Still, there are others equally deserving of credit — or blame —
for the cynicism and dysfunction which currently engulf the
Republican Party. One person who deserves to be remembered
alongside Trump is Newt Gingrich, who, like the sad Kevin
McCarthy, desperately wanted to be Speaker of the House.
Gingrich, though, was smarter, more cynical and more calculating
that the hapless McCarthy. A narcissist like Trump, he had no
regard for either the duty of elected representatives to pass laws
to aid their constituents or the decorum that had traditionally been
associated with Congress. Gingrich merely wanted to hold power,
and, in order to get it, he was willing to tear down the institution
over which he wished to reside.
Though he was a backbencher from exuburban Atlanta in a
House led by Democrats, Gingrich knew how to gain notice. He

started giving incendiary speeches denouncing Democrats from
the House floor. The chamber was often empty when he gave
those speeches, but C-Span’s cameras were on, recording them.
Viewers didn’t realize the chamber was virtually empty.
And Gingrich went further than merely denouncing his political
rivals for views that differed from his. He pioneered the use of
inflammatory labels for his Democratic colleagues and taught
other Republican House members to do the same. Gingrich
actually held seminars in which he coached GOP colleagues to
describe Democrats with such words as “sick,” “traitors,” “corrupt,”
“bizarre,” “cheat,” “steal,” and “devour.”
Gingrich also discouraged his GOP allies from spending
weekends in Washington because he knew they were likely to
spend some time socializing with Democrats, which would breed
cross-party alliances. His lessons took hold, helping to destroy the
bipartisanship that had turned the wheels of democracy. While
Gingrich’s poisonous legacy is most obvious in the House
Republican caucus, it has also seeped into the Senate, where
bipartisanship has become quite rare.
That legacy is also obvious in the rhetoric Republican politicians
use to describe Democrats. Marjorie Taylor Greene and Lauren
Boebert, among the more colorful right-wingers in the GOP
caucus, simply took Gingrich’s ideas and stirred them with their
own zest of hyper-extremism.
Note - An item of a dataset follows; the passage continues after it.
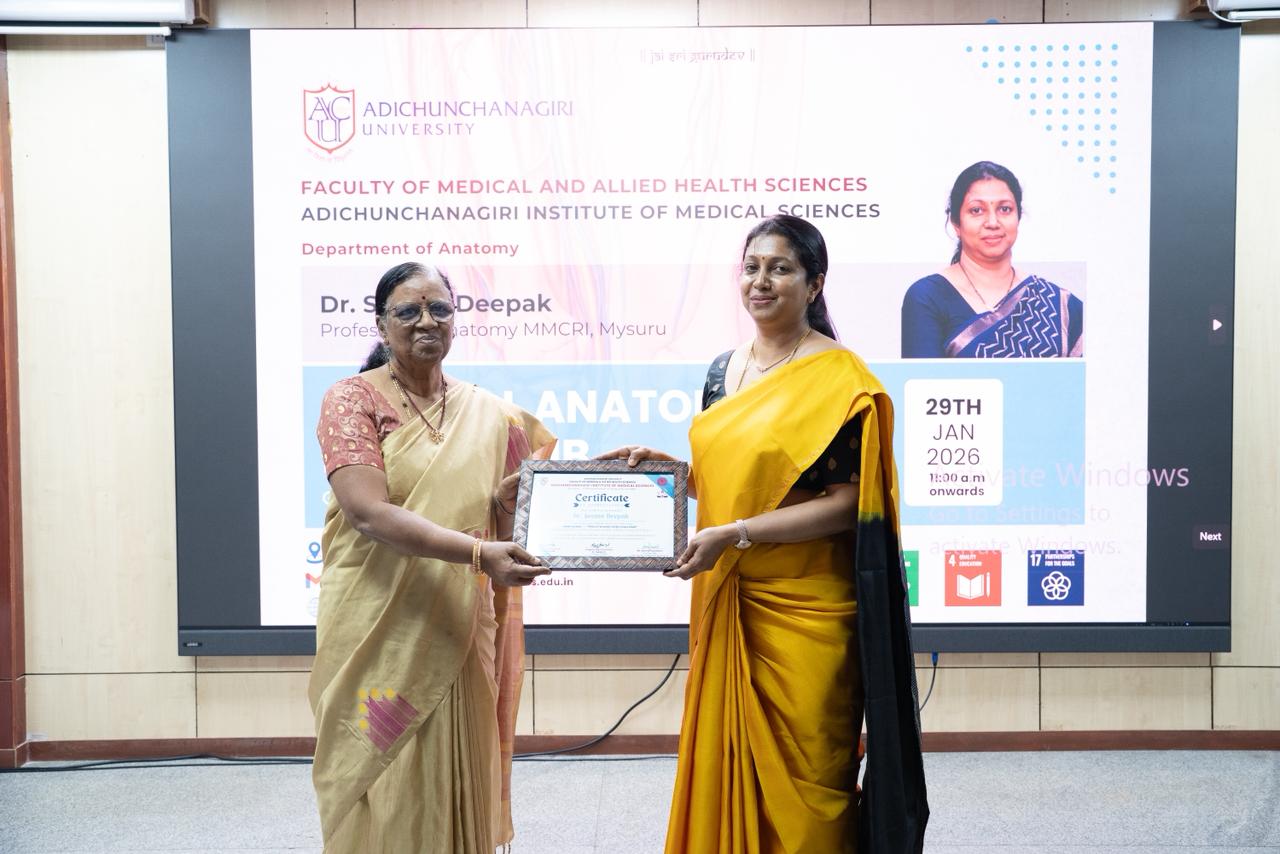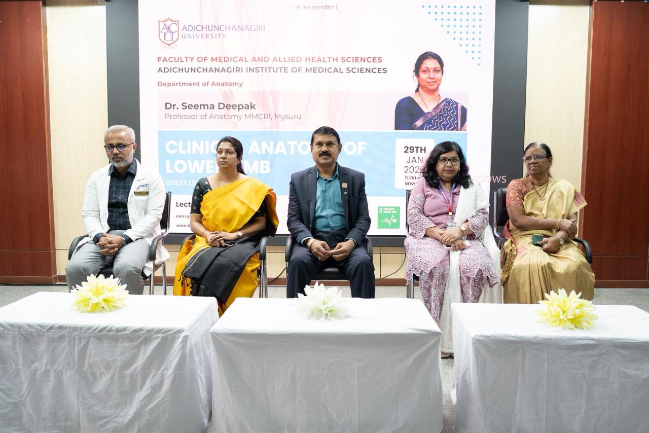 A Guest Lecture on “Clinical Anatomy of the Lower Limb”8 was successfully conducted by the Department of Anatomy, Adichunchanagiri Institute of Medical Sciences, under the Faculty of Medical and Allied Health Sciences, Adichunchanagiri University, on 29th January 2026 at 11:00 a.m. in Lecture Hall I, AIMS.

Given their frequent appearances in
the rightwing mediascape, it’s no wonder that their voters have
become accustomed to the idea that Democrats are “enemies”
and “traitors.” How, then, could you justify compromising with
them?
Rational political observers have taken to asking what these
absurdist Republicans want and what can be done to placate
them. The answer, sadly, is that nothing can be done. They want
what they have — power and attention. Their politics is
performance theater. Like Gingrich and Trump before them, that’s
all they care about.

Perhaps it will occur to their constituents at some point that that’s
not what legislators are sent to Washington to do. Maybe
Republican loyalists will come to understand that they aren’t
getting their money’s worth. Or maybe those GOP voters are too
deeply invested in the performance of white grievance politics to
care.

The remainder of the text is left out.